从我关于带有浮动条目的文本文件的帖子中,我能够确定这一点,pythonmathematica立即开始以 10 到负 6 的容差开始发散。

结束编辑

在过去的几个小时里,我一直试图弄清楚为什么我在 Mathematica 和 Python 中的解决方案会有所5000不同km

我被引导相信一个程序在模拟超过数百万秒的飞行时间时具有更高的容错性。

我的问题是哪个程序更准确,如果不是python,我该如何调整精度?

有了,我离我所在的地方Mathematica不到 10公里。

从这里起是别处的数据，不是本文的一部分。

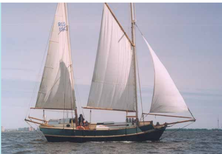
Шхуна “Самба” выходит в залив

В 1999 г. в Санкт Петербурге были заложены и в 2002 г. спущены на воду шхуны “Самба” (капитан С.И. Афонин) и “Три звездочки” (капитан А.Б. Плешков). За основу был взят проект бригантины “Старина” из “Кия”. Яхты строились для длительных круизных походов. Парусное вооружение шхуны (в отличие от бригантины) позволило свести количество снастей для подъема и управления парусами к минимуму. По отзывам капитанов, тип судна был выбран удачно: большие объемы помещений, длинный киль, позволяющий отвлекаться от штурвала, высокий борт — все способствует переходам в любую погоду. Шхуна “Самба” в 2002 г. совершила переход С.-Петербург–Лиссабон–Канарские острова, шхуна “Три звездочки” неоднократно ходила в Швецию, Данию и Финляндию.

L4Python5947

代码如下:

Python

import numpy as np
from scipy.integrate import odeint
import matplotlib.pyplot as plt
from mpl_toolkits.mplot3d import Axes3D
from numpy import linspace
from scipy.optimize import brentq

me = 5.974 * 10 ** (24)  #  mass of the earth                                     
mm = 7.348 * 10 ** (22)  #  mass of the moon                                      
G = 6.67259 * 10 ** (-20)  #  gravitational parameter                             
re = 6378.0  #  radius of the earth in km                                         
rm = 1737.0  #  radius of the moon in km                                          
r12 = 384400.0  #  distance between the CoM of the earth and moon                 
d = 300 #  distance the spacecraft is above the Earth                             
pi1 = me / (me + mm)
pi2 = mm / (me + mm)
mue = 398600.0  #  gravitational parameter of earth km^3/sec^2                    
mum = G * mm  #  grav param of the moon                                           
mu = mue + mum
omega = np.sqrt(mu / (r12 ** 3))

nu = -np.pi / 4  #  true anomaly  pick yourself                                   

xl4 = r12 / 2 - 4671  #  x location of L4                                         
yl4 = np.sqrt(3) / 2 * r12  #  y                                                  

print("The location of L4 is", xl4, yl4)

#  Solve for Jacobi's constant                                                    
def f(C):
    return (omega ** 2 * (xl4 ** 2 + yl4 ** 2) + 2 * mue / r12 + 2 * mum / r12
            + 2 * C)


c = brentq(f, -5, 0)

print("Jacobi's constant is",c)

x0 = (re + 200) * np.cos(nu) - pi2 * r12  #  x location of the satellite          
y0 = (re + 200) * np.sin(nu)  #  y location                                       

print("The satellite's initial position is", x0, y0)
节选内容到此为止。